[Data excerpts]
• • • • • • •
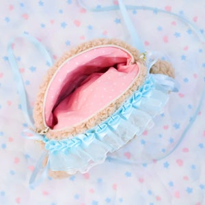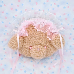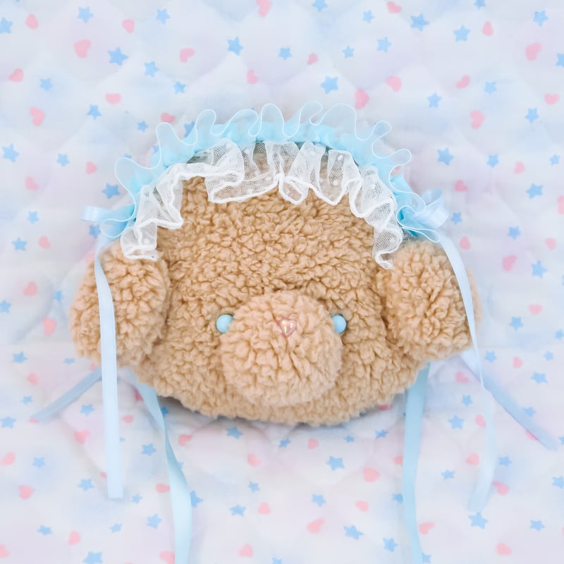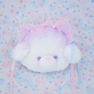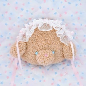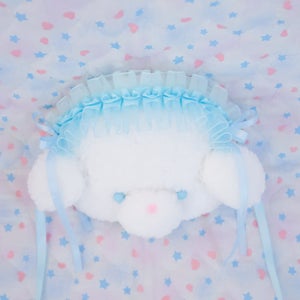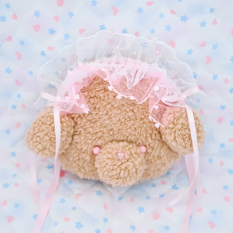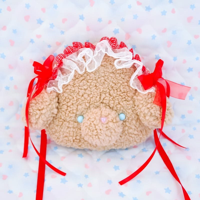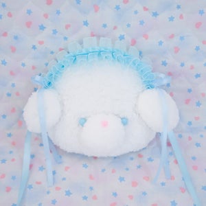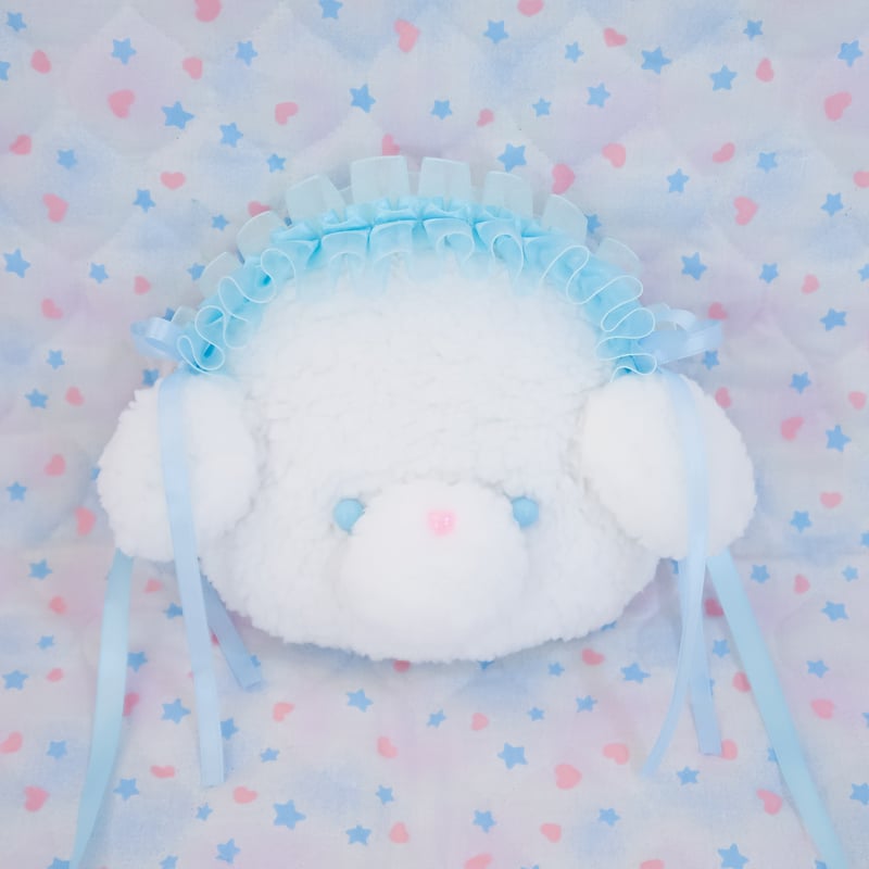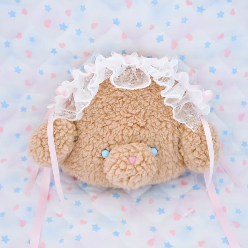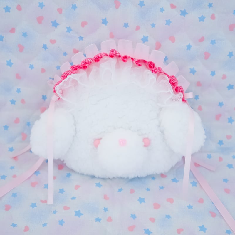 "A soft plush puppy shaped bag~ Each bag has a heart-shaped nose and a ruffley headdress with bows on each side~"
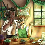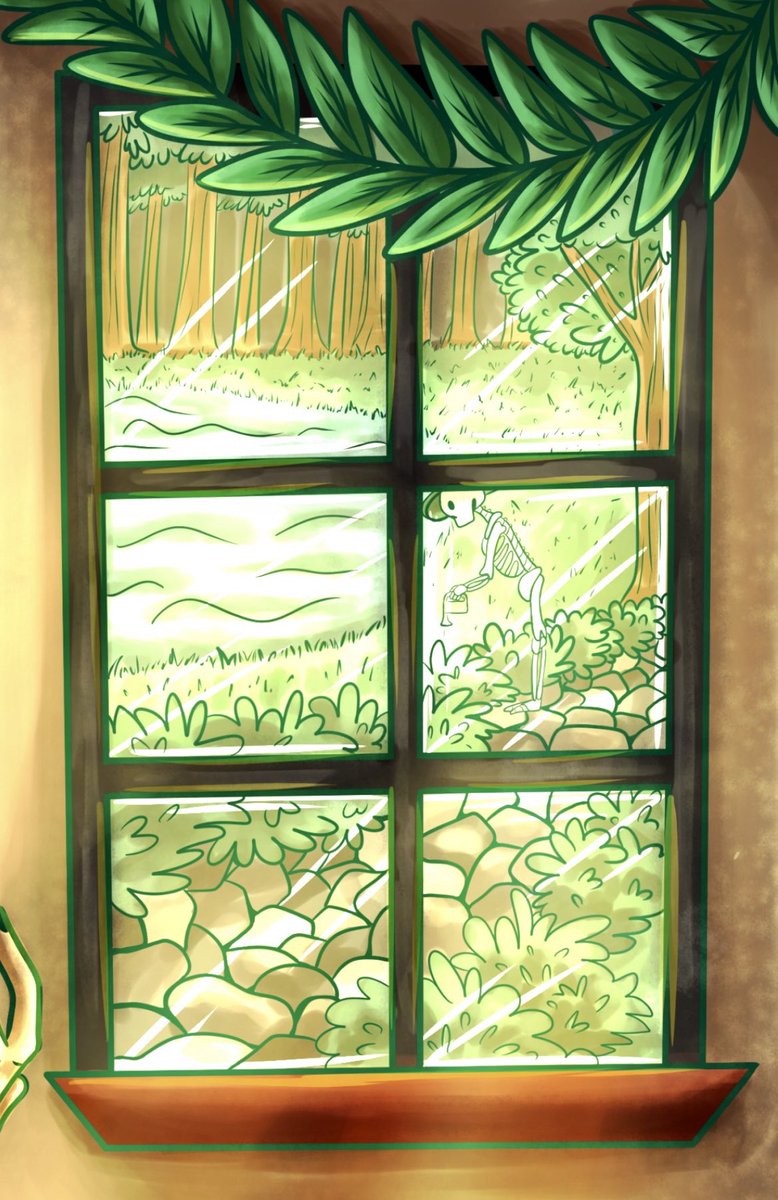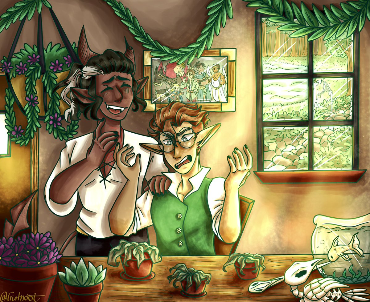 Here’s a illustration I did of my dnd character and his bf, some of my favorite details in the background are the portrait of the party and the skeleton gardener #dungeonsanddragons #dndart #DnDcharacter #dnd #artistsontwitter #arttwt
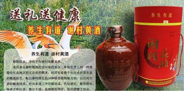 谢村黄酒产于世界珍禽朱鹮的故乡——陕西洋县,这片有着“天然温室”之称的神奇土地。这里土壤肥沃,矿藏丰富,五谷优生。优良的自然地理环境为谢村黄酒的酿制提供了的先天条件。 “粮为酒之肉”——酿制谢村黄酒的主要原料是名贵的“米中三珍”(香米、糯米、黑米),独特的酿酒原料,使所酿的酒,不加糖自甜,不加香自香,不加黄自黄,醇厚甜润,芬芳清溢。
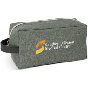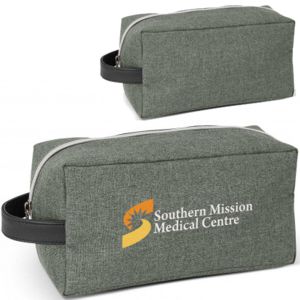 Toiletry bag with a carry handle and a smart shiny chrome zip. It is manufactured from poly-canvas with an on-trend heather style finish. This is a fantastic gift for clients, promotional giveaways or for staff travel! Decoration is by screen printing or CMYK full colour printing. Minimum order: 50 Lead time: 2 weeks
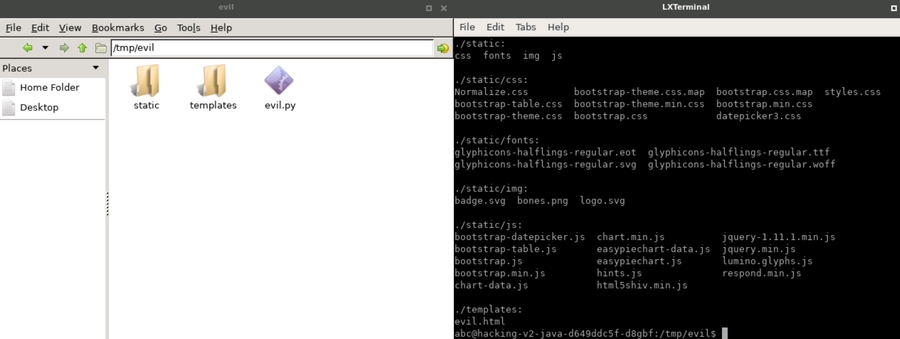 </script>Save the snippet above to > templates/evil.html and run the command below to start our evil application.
• • • • • • •
Once the pictures are removed, repeat all of the data above exactly.

 "A soft plush puppy shaped bag~ Each bag has a heart-shaped nose and a ruffley headdress with bows on each side~"
 Here’s a illustration I did of my dnd character and his bf, some of my favorite details in the background are the portrait of the party and the skeleton gardener #dungeonsanddragons #dndart #DnDcharacter #dnd #artistsontwitter #arttwt
 谢村黄酒产于世界珍禽朱鹮的故乡——陕西洋县,这片有着“天然温室”之称的神奇土地。这里土壤肥沃,矿藏丰富,五谷优生。优良的自然地理环境为谢村黄酒的酿制提供了的先天条件。 “粮为酒之肉”——酿制谢村黄酒的主要原料是名贵的“米中三珍”(香米、糯米、黑米),独特的酿酒原料,使所酿的酒,不加糖自甜,不加香自香,不加黄自黄,醇厚甜润,芬芳清溢。
 Toiletry bag with a carry handle and a smart shiny chrome zip. It is manufactured from poly-canvas with an on-trend heather style finish. This is a fantastic gift for clients, promotional giveaways or for staff travel! Decoration is by screen printing or CMYK full colour printing. Minimum order: 50 Lead time: 2 weeks
 </script>Save the snippet above to > templates/evil.html and run the command below to start our evil application.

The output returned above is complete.